Blood samples (3 mL) were collected in heparinized Vacutainer tubes. Specimens were centrifuged and plasma transferred and frozen at −20°C until analysis. OF specimen collection utilized Sarstedt Salivette® collection devices (Nümbrecht, Germany). The Salivette® swab was placed into the mouth and chewed for approximately 45 sec, and the swab was centrifuged to recover clear OF. OF specimens were frozen at −20°C until analysis. Sweat collection utilized PharmCheck™ sweat patches (Fort Worth, TX, USA). Sweat patch specimens were stored frozen at −20°C until analysis.
BUP, NBUP, BUP-Gluc and NBUP-Gluc were quantified in plasma by a previously published liquid chromatography tandem mass spectrometry (LCMSMS) procedure30. Briefly, 1 mL 0.1% perchloric acid in water was added to 0.5 mL plasma. After centrifugation, the supernatant was subjected to solid-phase extraction (SPE) with Strata-XC cartridges (Phenomenex, Torrence, CA, USA). Reverse-phase separation was achieved with a Synergi Polar-RP 80A, 75 × 2 mm, 4 µm column (Phenomenex, Torrence, CA, USA) within 10 min under gradient conditions. The assay was linear from 0.1 to 50 ng/mL for BUP and BUP-Gluc, and from 0.5 to 50 ng/mL for NBUP and NBUP-Gluc. Intra-day, inter-day and total assay imprecision (%RSD) were <16.8%, and analytical recoveries were 88.6–108.7%. Extraction efficiencies ranged from 71.1 to 87.1%. All compounds showed ion enhancement, except BUP-Gluc that demonstrated ion suppression.
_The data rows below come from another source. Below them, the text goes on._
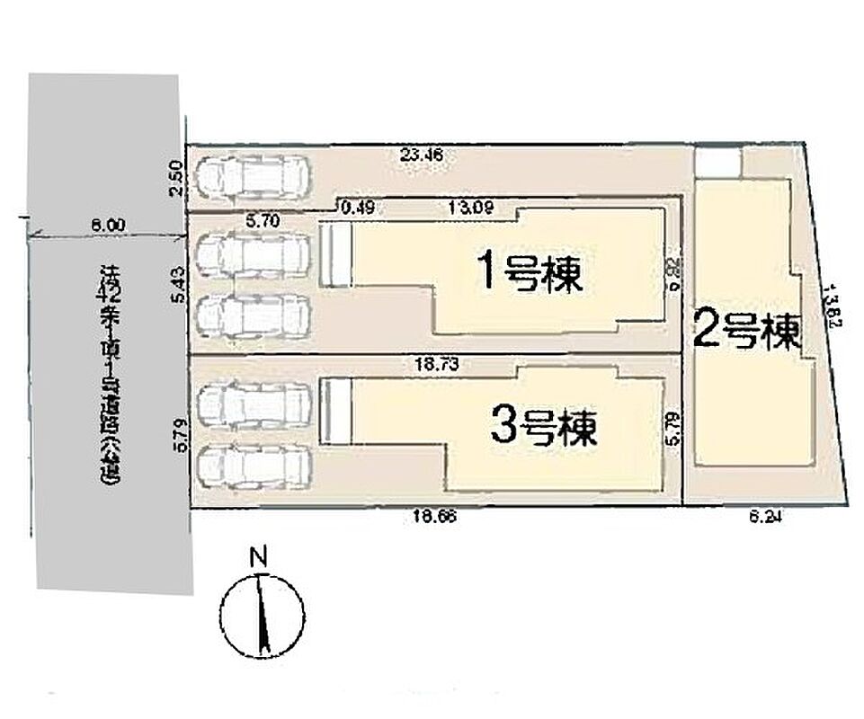 | 駐車場 | 2台 | 道路の幅員 | 1号棟:西6m /3号棟:西6m /2号棟:西6m |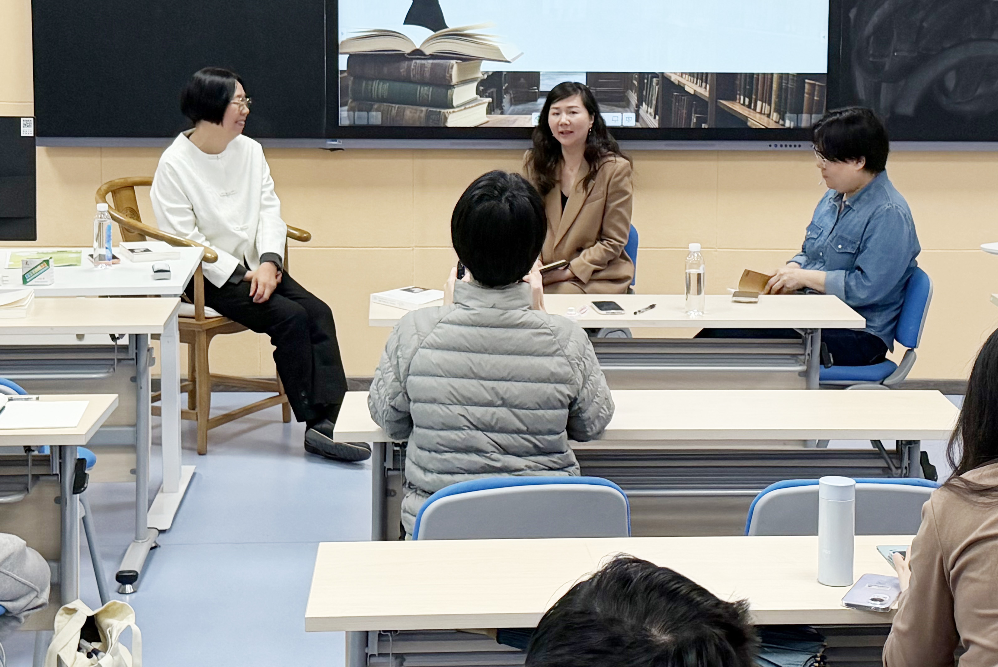 在对谈环节中,三位老师围绕文本阐释的多元可能性、历史语境对文学创作的影响、女性主义与新历史主义批评的贡献与不足等议题展开深入探讨与精彩对谈,并结合当代文艺作品和现实语境讨论了女性主体性建构的意义与价值,进一步拓展了讲座的理论深度与思考边界。在接下来的听众提问与交流环节,张岩冰老师回答了现场同学提出的如何运用女性主义理论视角理解女性处境和文化叙事等问题,引发在场师生的共同思考与讨论。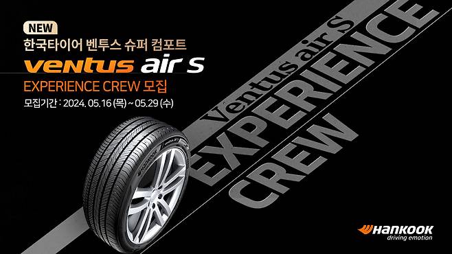 한국타이어앤테크놀로지(한국타이어)는 이달 29일까지 프리미엄 컴포트 타이어 신상품 '벤투스 에어 S'를 체험할 '익스피리언스 크루' 30명을 모집한다고 17일 밝혔다

Variation among 10 different blank specimens was <9.1%.
OF specimens were analyzed by the plasma method30 after validation for the OF matrix. OF calibration curves were linear from 0.1–500 ng/mL for BUP and BUP-Gluc, and 0.5–500 ng/mL for NBUP and NBUP-Gluc. Intra-day, inter-day and total assay imprecision (%RSD) were <10.2%, and analytical recovery ranged from 90.1 to 114.1%. Extraction efficiency was 74.1–77.0% and process efficiency 46.0–102.0%. BUP showed ion enhancement (33.8%), NBUP and BUP-Gluc ion suppression (−23.3 and −40.4%, respectively), and NBUP-Gluc no matrix effect. The variation among 10 different blank specimens was <5.7%.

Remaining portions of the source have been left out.